• _EXERCISE DIRECTIONS_:
For this exercise, repeat exactly the lines below starting at the line holding "Os adjunto también" and ending at the line holding "Funked Up hoort", both included, with no extra lines and no pictures.

• _RECORD SET_:

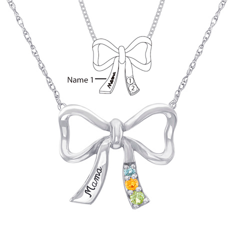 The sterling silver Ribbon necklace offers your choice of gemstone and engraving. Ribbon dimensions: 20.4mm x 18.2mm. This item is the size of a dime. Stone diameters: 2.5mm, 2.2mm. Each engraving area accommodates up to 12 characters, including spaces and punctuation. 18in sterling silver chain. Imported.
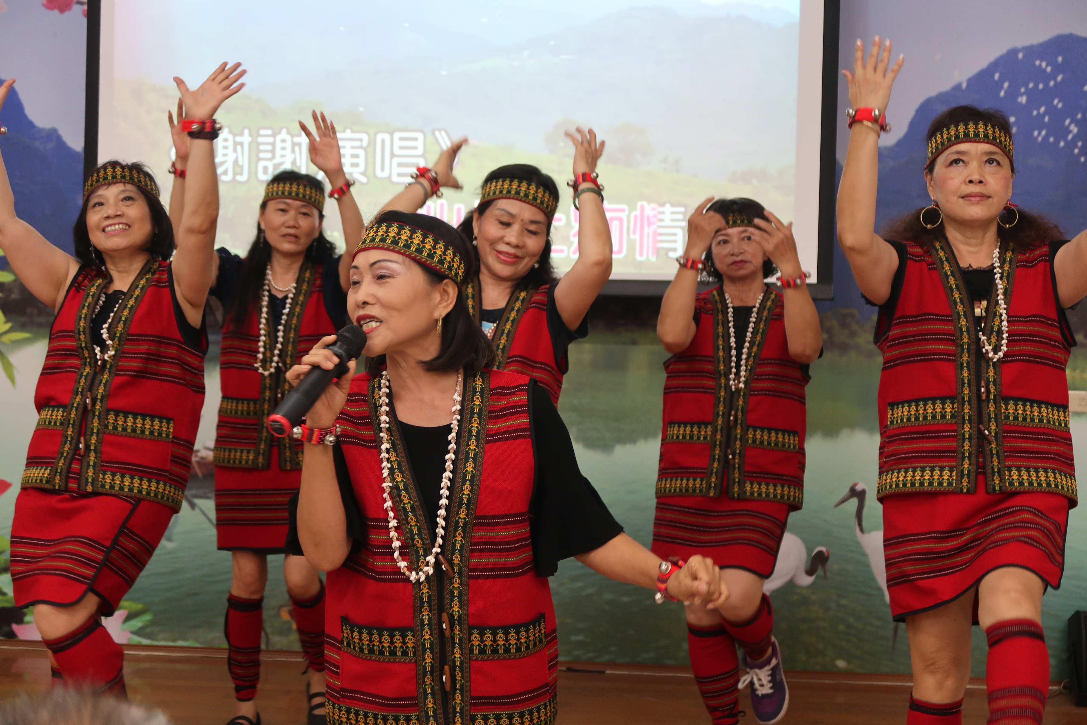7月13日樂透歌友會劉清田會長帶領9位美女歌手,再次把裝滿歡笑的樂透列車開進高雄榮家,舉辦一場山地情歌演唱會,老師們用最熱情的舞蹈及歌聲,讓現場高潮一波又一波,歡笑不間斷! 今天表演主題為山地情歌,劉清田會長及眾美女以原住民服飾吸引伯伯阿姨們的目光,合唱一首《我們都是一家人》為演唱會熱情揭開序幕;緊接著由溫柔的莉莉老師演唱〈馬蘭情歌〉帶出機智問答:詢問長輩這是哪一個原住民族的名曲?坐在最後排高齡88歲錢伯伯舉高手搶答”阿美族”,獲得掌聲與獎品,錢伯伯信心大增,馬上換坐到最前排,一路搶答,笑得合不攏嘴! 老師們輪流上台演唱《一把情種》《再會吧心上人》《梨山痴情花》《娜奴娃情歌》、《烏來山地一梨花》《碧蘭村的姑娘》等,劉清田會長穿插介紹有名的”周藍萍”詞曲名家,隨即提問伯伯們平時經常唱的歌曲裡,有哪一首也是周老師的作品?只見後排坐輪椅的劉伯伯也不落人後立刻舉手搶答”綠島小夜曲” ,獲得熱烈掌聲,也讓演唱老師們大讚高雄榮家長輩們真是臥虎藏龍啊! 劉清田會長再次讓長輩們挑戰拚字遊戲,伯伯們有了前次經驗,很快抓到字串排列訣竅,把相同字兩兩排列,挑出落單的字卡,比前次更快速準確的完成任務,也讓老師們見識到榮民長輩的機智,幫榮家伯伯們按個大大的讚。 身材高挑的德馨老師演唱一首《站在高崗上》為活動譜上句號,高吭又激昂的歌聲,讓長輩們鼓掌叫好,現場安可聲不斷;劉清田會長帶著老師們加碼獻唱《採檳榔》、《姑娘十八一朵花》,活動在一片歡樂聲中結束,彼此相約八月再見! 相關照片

* * *

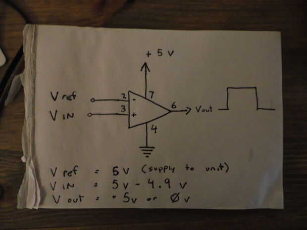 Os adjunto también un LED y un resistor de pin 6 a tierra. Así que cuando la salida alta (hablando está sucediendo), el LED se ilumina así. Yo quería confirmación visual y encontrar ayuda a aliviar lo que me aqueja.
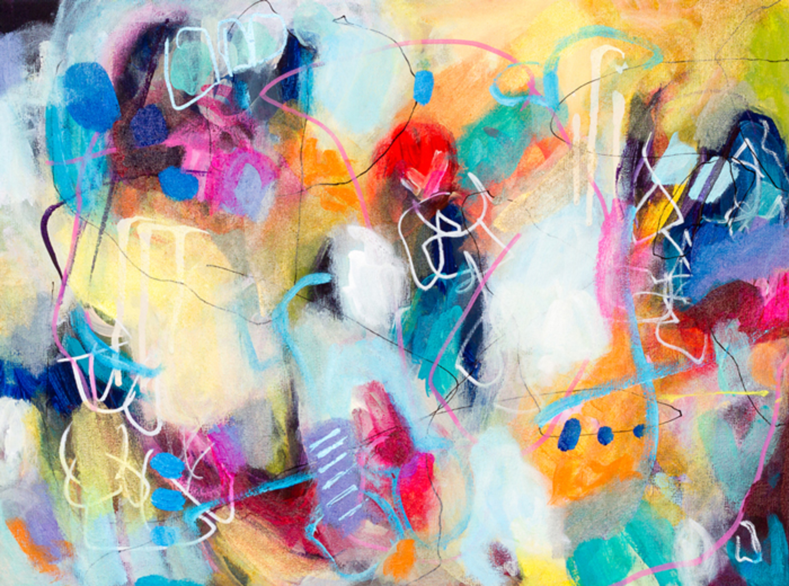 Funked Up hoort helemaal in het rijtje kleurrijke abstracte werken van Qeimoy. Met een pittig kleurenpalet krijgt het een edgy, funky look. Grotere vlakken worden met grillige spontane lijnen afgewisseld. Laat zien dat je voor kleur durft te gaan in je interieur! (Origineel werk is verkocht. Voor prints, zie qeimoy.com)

• _RESULT FOR THIS TASK_:
 Os adjunto también un LED y un resistor de pin 6 a tierra. Así que cuando la salida alta (hablando está sucediendo), el LED se ilumina así. Yo quería confirmación visual y encontrar ayuda a aliviar lo que me aqueja.
 Funked Up hoort helemaal in het rijtje kleurrijke abstracte werken van Qeimoy. Met een pittig kleurenpalet krijgt het een edgy, funky look. Grotere vlakken worden met grillige spontane lijnen afgewisseld. Laat zien dat je voor kleur durft te gaan in je interieur! (Origineel werk is verkocht. Voor prints, zie qeimoy.com)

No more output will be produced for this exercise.